The fact that we have built a website in protest, which is currently well-visited, advising people of these appalling instances of mismanagement and institutional aggression towards our children, will also open the school to further financial losses, if more people decide to pass over the school as a viable choice for their children. We also know of at least one parent who has withdrawn from school life because, in their words “there was bullying, and the school did not deal with it properly”. Several others have told us that they are “on the fence at the moment.”
At any rate we can observe that indeed, by their actions, Management and College have ensured that the school has already been opened up to both financial loss and legal risk and as at some stage the school will be called upon to answer for these actions in a legal framework, which has implications for all school entities, including yourselves.

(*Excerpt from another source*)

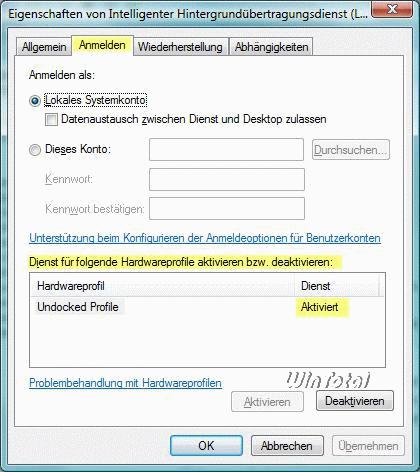 - Auf die Registerkarte „Anmelden“ klicken und sich vergewissern, dass der Dienst in jedem aufgelisteten Hardwareprofil aktiviert ist. Wenn der Dienst in einem oder mehreren Hardwareprofilen deaktiviert ist, klickt man auf das Hardwareprofil und auf „Aktivieren“ – „Übernehmen.“
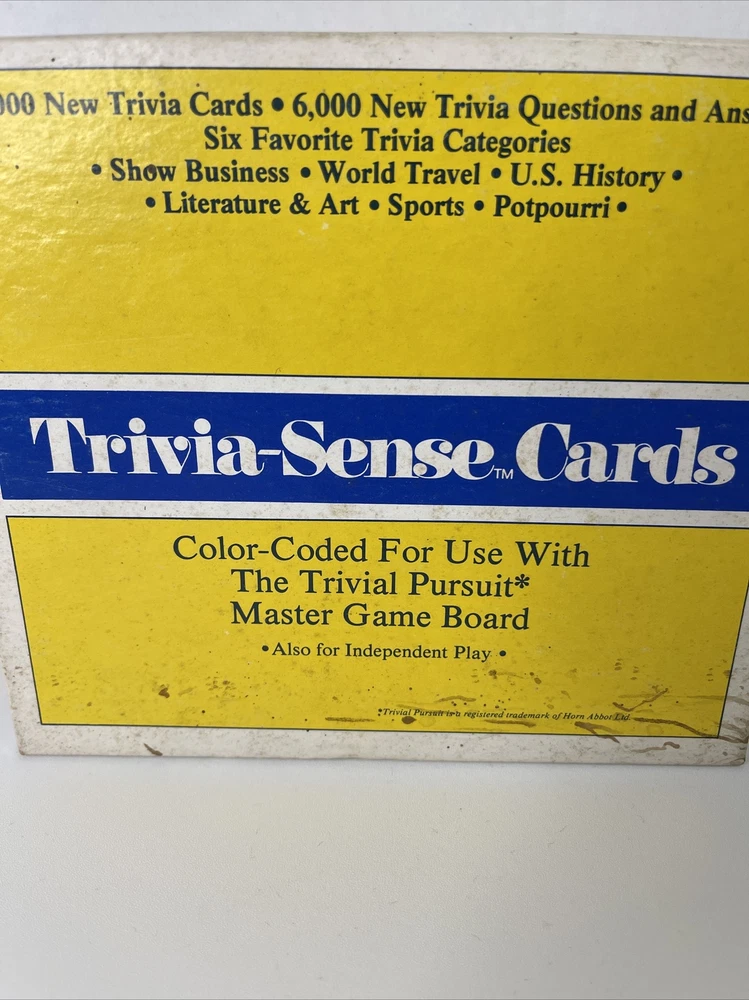 Modified Item:NoTitle:Trivial PursuitCustom Bundle:NoAge Level:8-11 Years, 12-16 Years, 17 Years & UpEstado del artículo:UsadoCategory 3:US HistoryCountry/Region of Manufacture:ChinaCategory 2:World Travel GeographyUPC:Does not applyGame Title:Trivial PursuitCategory 5:SportsBrand:Trivia-Sensegtin13:Does not applyMin. Number of Players:2 playersCategory 1:Show Business Entertainment Pop CultureGame Type:TriviaTheme:VariousAward:Games 100Category 4:Literature and ArtVintage (Yes/No):YesType:Cards

If all the school entities, CoT, management and trustees, are so prepared to risk financial loss and legal action to avoid confronting the acts of harassment and assault perpetrated by a few pupils and very largely one or two boys, then either management is simply completely inept, or we must suspect that there is some extremely powerful agenda operating.
Because this agenda is not overt, we can only ponder the implications of such an observation, pending enquiry.
We note that none of our legitimate questions in this matter have been properly addressed, we have not been accorded even basic human dignity in this matter, being treated less like human beings and more like a bad case of the flu. A meeting was held last night to discuss us, in our absence, which we find both sinister and further provocation to act.
We note that Sue Russell of the Federation will be discussing some of these issues with members of College on Thursday, as we have asked her to examine the situation in the light of the very real possibility that actions at this one small school can now risk damage to the reputation of Steiner Education generally.
As one visitor to our web site put it, “what was presented I find disturbing, and if true, and as a Steiner School .. they have stained the cloak of a humane and large international organisation.”